Waubonsie percussionist performs with national honor ensembles
In a school district with "fairly unprecedented" musical success -- at least according to the Grammy Foundation -- one student has just accomplished something no other has before: he's played in a nationwide honor band.
This fall, Waubonsie Valley High School junior Meher Sethi was named a member of the All-National Honor Ensembles convened by the National Association for Music Educators. The 16-year-old Naperville percussionist rose to the national level after performing at the All-State level last year through the Illinois Music Education Association.
Music educators throughout Indian Prairie Unit District 204, which has been recognized with 16 Grammys for its strong music programs, are not aware of any other student to have performed with a national honor band, said Mark Duker, fine arts chairman at Waubonsie.
Meher traveled to Florida for four days in November to enjoy the national experience, which he said allowed him to join the "best percussion section I've ever been a part of."
That's saying something, considering Meher's musical repertoire.
He plays with the top band at his high school and the top jazz band, along with a jazz combo, a brass band and a percussion quintet.
Outside of Waubonsie, he joined the Chicago Youth Symphony Orchestras in sixth grade, made it to the top orchestra in eighth grade, and now is the group's principal percussionist. He has performed in seven European countries.
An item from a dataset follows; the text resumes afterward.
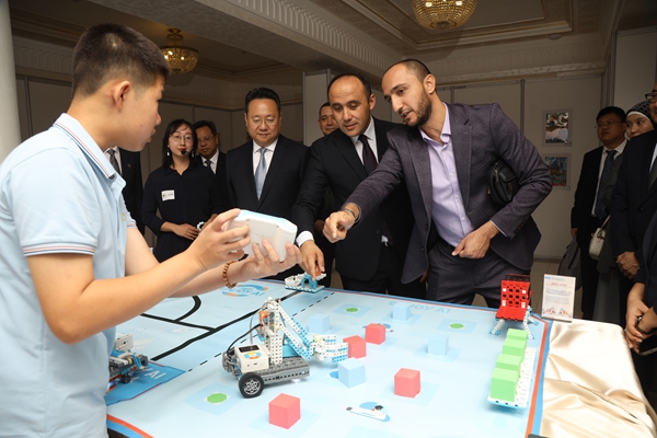 活动伊始,到场嘉宾共同参观了“未来世界”国际青少年艺术作品展和“未来视界”数智文创展。本次艺术作品展汇聚了中国、乌兹别克斯坦及全球其他国家逾三百件青少年及青年艺术家的作品,涵盖绘画、书法和工艺美术等多个类别。作品题材多元,涉及科技创新、文化遗产?;び氪小⑽拿鞫嘌杂虢涣骰ゼ?、全球共同议题等主题。年轻的创作者们运用独特的视角、鲜明的色彩描绘内心的无限憧憬与想象,表达出对未来世界的多维探索和深刻思考。

What drives him, Meher says, is the ability of percussion to be the central, driving force in music. Maybe it's the patter of footsteps or the tick of a clock. Whatever the sound, he said, percussion is a building block and a staple across cultures.
"I was really in love with the ability to provide, like, a heart for an ensemble," Meher said.
At home, he has a drum set, a marimba, a tambourine, a box-shaped percussion instrument called a cajon and an African instrument called a djembe, along with a piano, guitar and ukulele. He also has studied Indian percussion, especially the tabla, as a way to explore the heritage of his parents, who came to Naperville from India in 1998.
In the All-National Honor Ensembles -- Meher performed with the concert band and the mixed choir -- he played snare drum, timpani, glockenspiel and djembe.
"As a percussionist, our main responsibility is versatility," he said.
Duker has been familiar with Meher's work since the band director at Scullen Middle School in Naperville sent a video clip of the tween performing a four-mallet marimba piece. Many middle-schoolers don't have the dexterity for two mallets in each hand.
"He's been advanced for quite some time now," Duker said, describing Meher as a "deep thinker."
Meher's preparation and broad musical ability -- he's composed his own songs -- make him one of many talented students at Waubonsie whom instructors guide to reach for challenging and enriching performance opportunities, such as the national groups. Ten others joined Meher at the All-State level last year, and 10 from Waubonsie made it that far this year as well, Duker said.
But with such a busy schedule of school ensembles, the Chicago Youth Symphony, and his involvement in tennis, speech team and a youth and government club, a lucky break in timing was part of what allowed Meher to perform with the All-National ensembles after his audition video made the cut.
"That may open the door for more students in the future to pursue that," Duker said about the All-National status, "and hopefully have a really great music experience."
The All-National concert band played some challenging pieces under a theme meant to "encapsulate the American voice in as many avenues as possible," Meher said. Joining the group allowed him to play under the direction of the University of Minnesota's band director Emily Threinen, and to experience the company of others who share "the exact same definition of fun."
Meher said he plans to incorporate music into his college experience as a second major or a minor while he pursues fields along the lines of economics and political science. He doesn't envision music as a career, but he's not giving it up.
"It'll definitely be an important part of my life," he said.